Some context: over the past two weeks, I have been solving an integral. I completed it last night. However, I just realized that I have essentially shown $$\sum_{k=0}^nf(n,k) = \int_{\mathbf{R}}f(n,x) \, \mathrm{d}x$$ Where $n$ is a fixed non-negative integer.

My question: let $f(t,x)$ be an everywhere-differentiable real-valued function of $x$ where $t$ is a non-negative integer. Further, let it be such that $f(t,x)$ cannot be written as $g(t)h(x)$. Is there any general way to go about determining whether $$\sum_{k=0}^nf(n,k) = \int_{\mathbf{R}}f(n,x) \, \mathrm{d}x$$ For all $n=0,1,2 \dots$? I ask because I can find quite a few functions which both do and do not satisfy the above, and am wondering whether the the work I just did was unnecessary.

Answer 1

Your formula looks to encompass arithmetic formulas like this one :

$$\sum_{k=1}^n f(k)=\dfrac{n(n+1)}{2}=\int_{\tfrac12}^{n+\tfrac12} f(x)\mathrm{d}x \ \ \ \ \text{where} \ \ \ \ f(x):=x. \tag{1}$$

(more exactly $f(x)=x$ for $\tfrac12 \leq x \leq n+\tfrac12$ and $f(x)=0$ elsewhere).

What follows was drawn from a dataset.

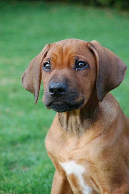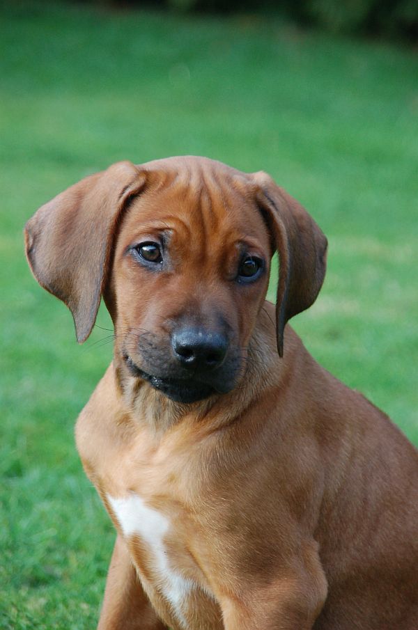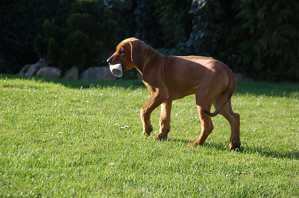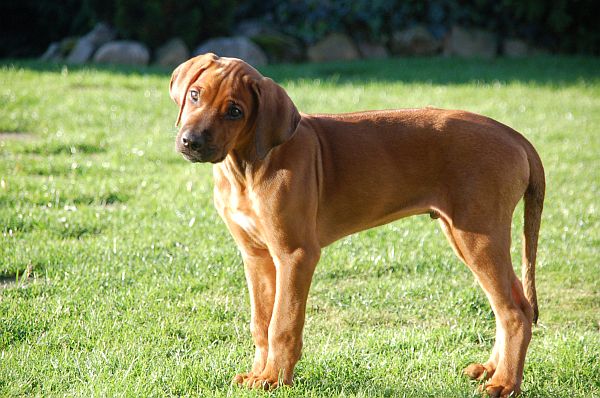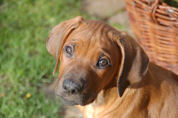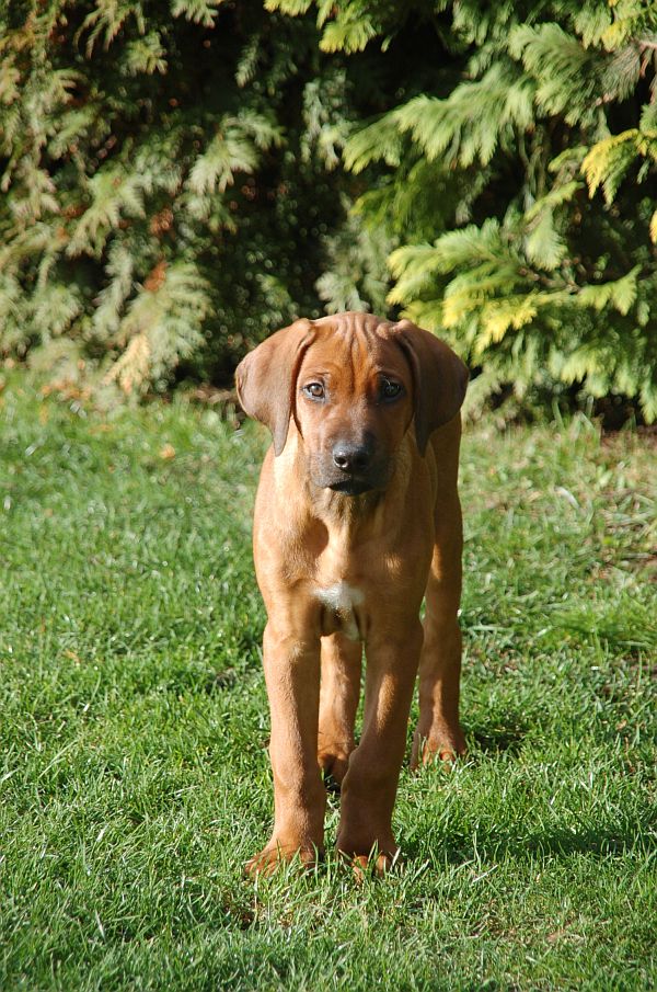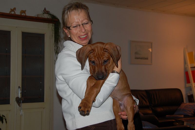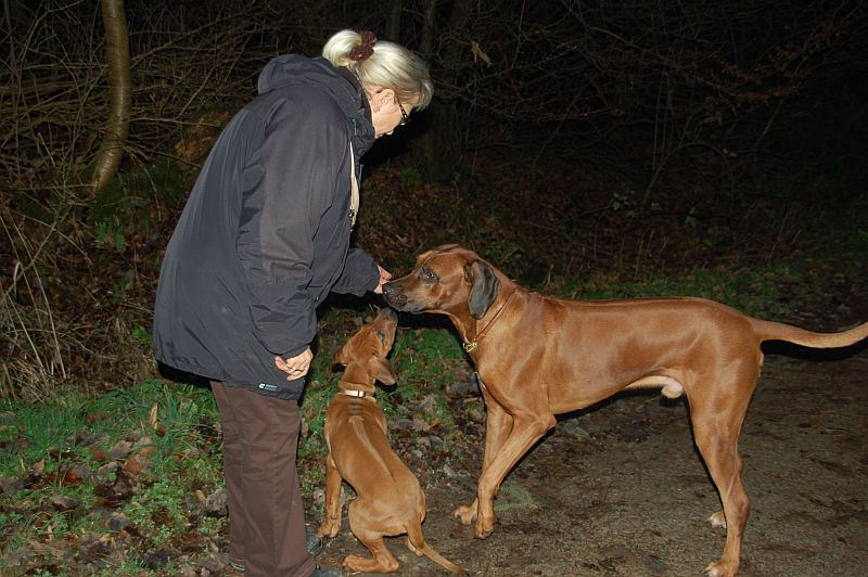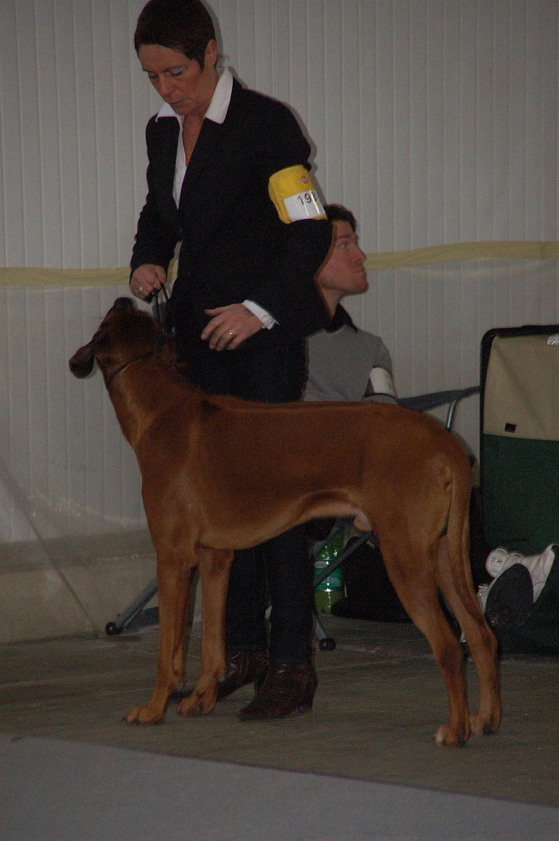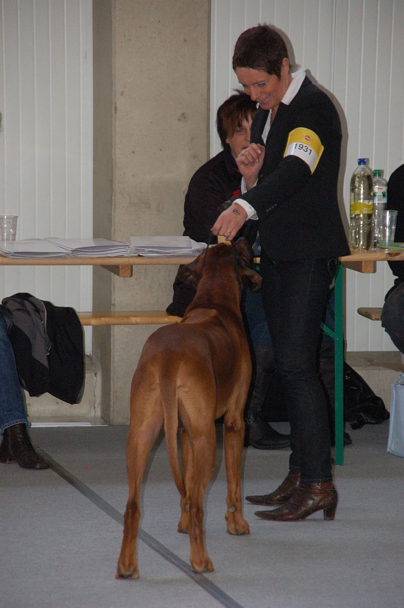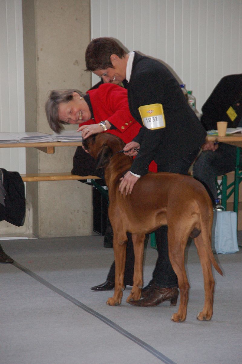 Frau Schicker beschied Adhiambo, freundlich und nervenfest zu sein. Er ließ sich auch mit 18 anderen Rüden im Ring nicht aus der Ruhe bringen. Sie fand ihn Alles in Allem korrekt, aber an der oberen Größengrenze. Außerdem bevorzugt sie die hellen Ridgebacks. Ergebnis war ein sg.

More generally formulas like (1) can be found by adapting formulas using Bernoulli polynomials $B_n(x)$ (like one can find in this reference):

$$\sum_{k=1}^{n} k^{p}=\int_0^{n+1} B_{p}(x)\mathrm{d}x$$

Besides, could you say which function $f$ you have found fulfilling your equation ?

Answer 2

Identities of this kind are well known and they are consequences of a general theorem for band limited functions. For another example with binomial coefficients see How to prove $\int_{-\infty}^{\infty}\binom{n}{x}^2\binom{2n+x}{x} dx=\binom{2n}{n}^2$ .